## TASK MATERIAL
⁂

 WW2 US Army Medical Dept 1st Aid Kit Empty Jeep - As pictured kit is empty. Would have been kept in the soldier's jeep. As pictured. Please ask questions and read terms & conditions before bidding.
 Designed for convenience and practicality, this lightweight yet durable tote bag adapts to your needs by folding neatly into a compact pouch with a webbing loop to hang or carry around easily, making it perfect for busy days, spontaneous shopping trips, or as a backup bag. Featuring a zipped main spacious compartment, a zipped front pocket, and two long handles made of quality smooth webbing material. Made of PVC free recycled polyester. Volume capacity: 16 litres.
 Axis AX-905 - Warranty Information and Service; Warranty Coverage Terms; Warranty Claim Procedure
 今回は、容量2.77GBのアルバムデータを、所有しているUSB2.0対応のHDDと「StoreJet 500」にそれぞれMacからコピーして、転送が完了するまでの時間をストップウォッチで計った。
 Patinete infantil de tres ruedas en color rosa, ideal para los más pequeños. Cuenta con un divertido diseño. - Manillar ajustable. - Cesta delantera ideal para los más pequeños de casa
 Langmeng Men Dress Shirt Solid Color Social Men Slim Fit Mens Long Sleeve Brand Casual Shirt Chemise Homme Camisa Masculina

⁂

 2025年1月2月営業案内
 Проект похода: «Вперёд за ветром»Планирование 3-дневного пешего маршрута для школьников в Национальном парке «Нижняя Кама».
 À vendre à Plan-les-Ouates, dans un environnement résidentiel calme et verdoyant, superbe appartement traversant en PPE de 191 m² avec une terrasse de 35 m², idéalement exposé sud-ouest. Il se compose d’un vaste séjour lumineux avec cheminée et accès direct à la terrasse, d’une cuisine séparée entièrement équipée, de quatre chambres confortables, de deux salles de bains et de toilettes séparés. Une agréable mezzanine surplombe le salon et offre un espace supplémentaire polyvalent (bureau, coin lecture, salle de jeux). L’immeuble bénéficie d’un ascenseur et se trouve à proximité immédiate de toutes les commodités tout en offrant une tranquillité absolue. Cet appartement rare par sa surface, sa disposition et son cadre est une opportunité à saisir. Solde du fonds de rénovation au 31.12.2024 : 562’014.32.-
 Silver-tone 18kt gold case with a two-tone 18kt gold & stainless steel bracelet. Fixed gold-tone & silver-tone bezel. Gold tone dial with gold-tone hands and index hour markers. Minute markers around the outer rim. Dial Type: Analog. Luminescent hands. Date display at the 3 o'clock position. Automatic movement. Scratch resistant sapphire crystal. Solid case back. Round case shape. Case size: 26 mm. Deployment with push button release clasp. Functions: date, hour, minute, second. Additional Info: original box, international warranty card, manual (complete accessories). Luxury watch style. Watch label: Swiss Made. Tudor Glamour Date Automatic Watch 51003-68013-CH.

⁂

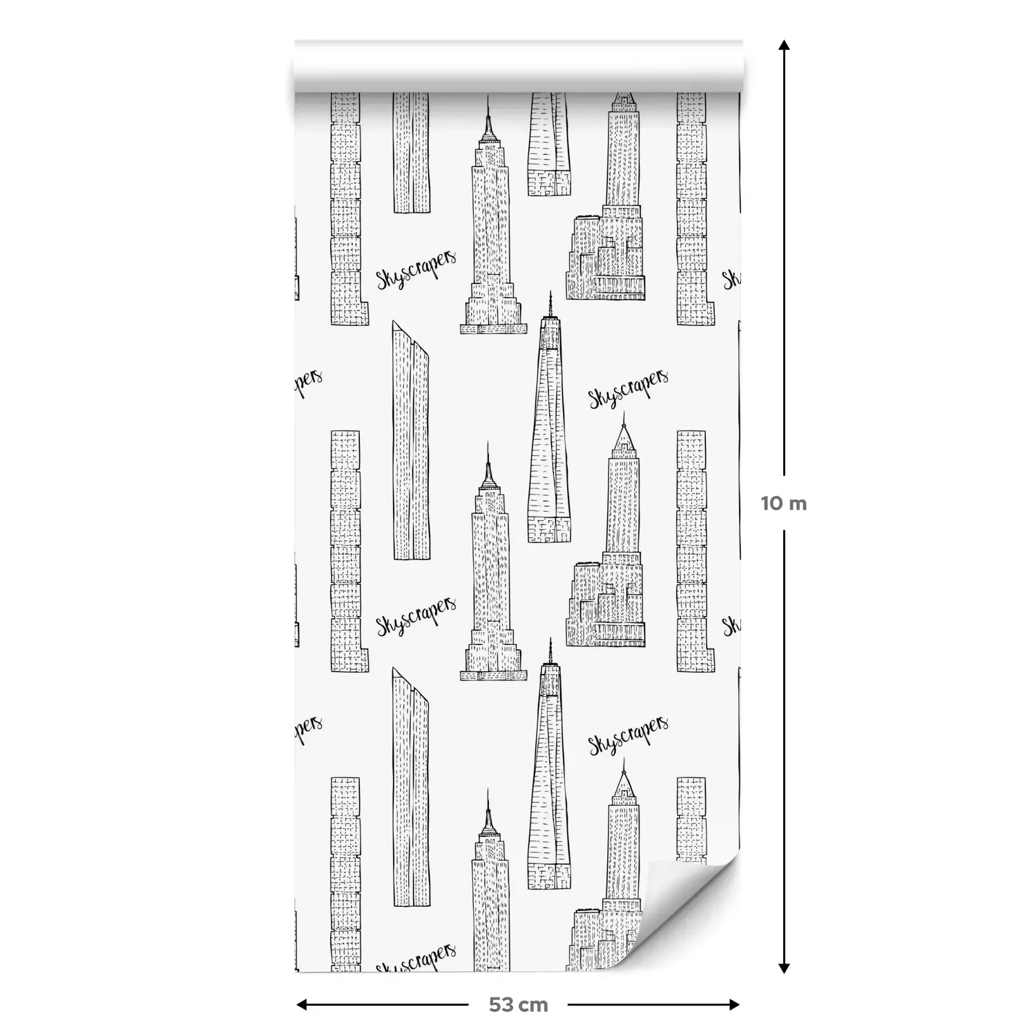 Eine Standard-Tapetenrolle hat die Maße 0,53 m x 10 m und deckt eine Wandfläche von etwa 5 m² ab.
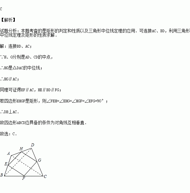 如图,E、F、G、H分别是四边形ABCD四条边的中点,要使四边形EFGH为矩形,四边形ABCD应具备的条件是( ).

⁂

After locating the line with "Designed for convenience" in the material above, return it and each line after it exactly, ending at the line with "今回は、容量2.77GBのア".

 Designed for convenience and practicality, this lightweight yet durable tote bag adapts to your needs by folding neatly into a compact pouch with a webbing loop to hang or carry around easily, making it perfect for busy days, spontaneous shopping trips, or as a backup bag. Featuring a zipped main spacious compartment, a zipped front pocket, and two long handles made of quality smooth webbing material. Made of PVC free recycled polyester. Volume capacity: 16 litres.
 Axis AX-905 - Warranty Information and Service; Warranty Coverage Terms; Warranty Claim Procedure
 今回は、容量2.77GBのアルバムデータを、所有しているUSB2.0対応のHDDと「StoreJet 500」にそれぞれMacからコピーして、転送が完了するまでの時間をストップウォッチで計った。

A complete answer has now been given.